La probabilidad de que nos puedan quitar el coche está muy ligada al sitio donde vivimos y al coche que conducimos. Según los últimos datos de Unespa, la patronal del sector, los habitantes de Lepe y Utrera encabezan el ranking de esta estadística y los vehículos más atractivos para los ladrones parecen ser los BMW Series 3 y 5, pero lejos de lo que podríamos pensar, no se trata de últimos modelos, son de los años 2011 y 2005, una razón que nos puede animar a plantearnos cambiar de coche en cuanto podamos.
 
Si visitar o vivir en estas ciudades no está en sus planes, no significa que deba bajar la guardia, porque un gran número de veces está en sus manos evitar la ocasión y, con ello, que el robo de coches vuelva a ser un negocio al alza en España. La primera medida preventiva, y más lógica, es comprobar que se ha activado el cierre automático después de aparcar. En caso de duda, es mejor volver y asegurarnos.
 
Aparcar en el sitio correcto es crítico, aunque invirtamos más tiempo hay que intentar dejar el coche lo más visible posible, en lugares con tránsito y zonas iluminadas. Dejar expuestos nuestros objetos personales, móvil, maletín, bolsas, abrigo o cualquier pertenencia que pueda ser un reclamo para los amantes de lo ajeno, no es una buena idea.
 
Con los avances en tecnología, han surgido empresas que ofrecen dispositivos GPS para prevenir robos o darnos la posibilidad de localizar nuestro vehículo.

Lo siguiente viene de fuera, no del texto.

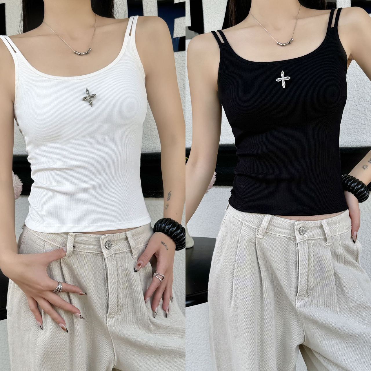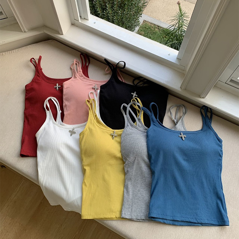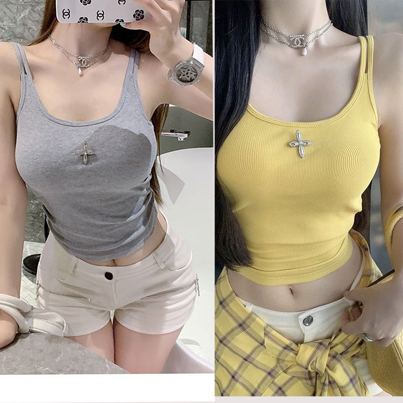 아메리칸 스타일 핫 걸 카미솔 여성 여름 가슴 패드 라운드 넥 슬림 핏 슬림베이스 내부 외부 탑 새로운 스타일스토어 가기
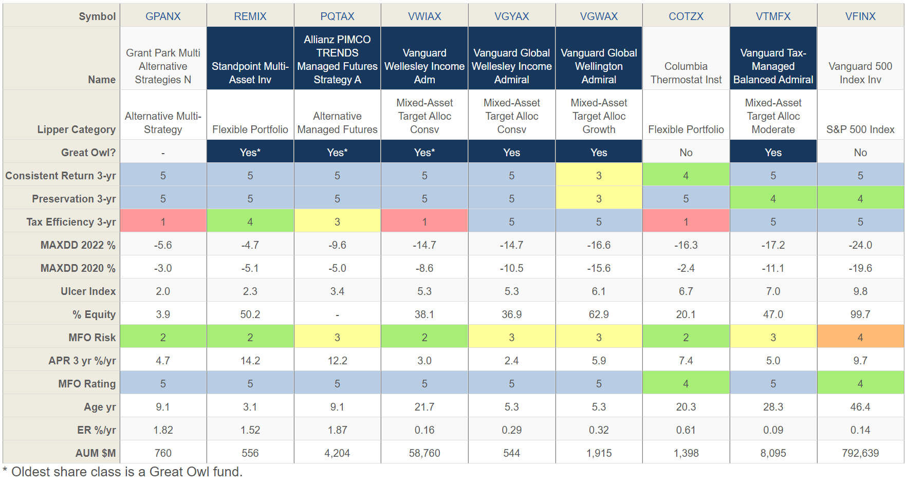 Chart #1 provides a focused summary of the funds. All but Grant Park Multi Alternative Strategies (GPANX) and Columbia Thermostat (COTZX/CTFAX) are classified as MFO Great Owl Funds. The funds are sorted with the lowest risk fund (GPANX) as measured by the Ulcer Index on the left to the highest (VFINX) on the right. All funds are rated as “Best” with an MFO Rating of 5 for Risk Adjusted Performance in their category representing the top quintile except for COTZX, which is rated “4” (Above Average). GPANX and COTZX/CTFAX are the least tax efficient and should be held in tax-advantaged accounts if possible.

Algunas aseguradoras ofrecen a los conductores determinadas ventajas que se trasladan a las pólizas por disponer de estos sistemas, a la vez que obtienen información valiosa acerca de nuestros hábitos a la hora de circular.
 
Si a pesar de todas las medidas de prevención perdemos la pista a nuestro coche, disponer del mejor seguro de auto, adaptado al lugar donde vivimos, a nuestras circunstancias y, por supuesto, contar con un corredor de seguros para ayudarnos a dar los pasos correctos cuando nuestro coche desaparece, nos librará de una gran dosis de estrés añadido.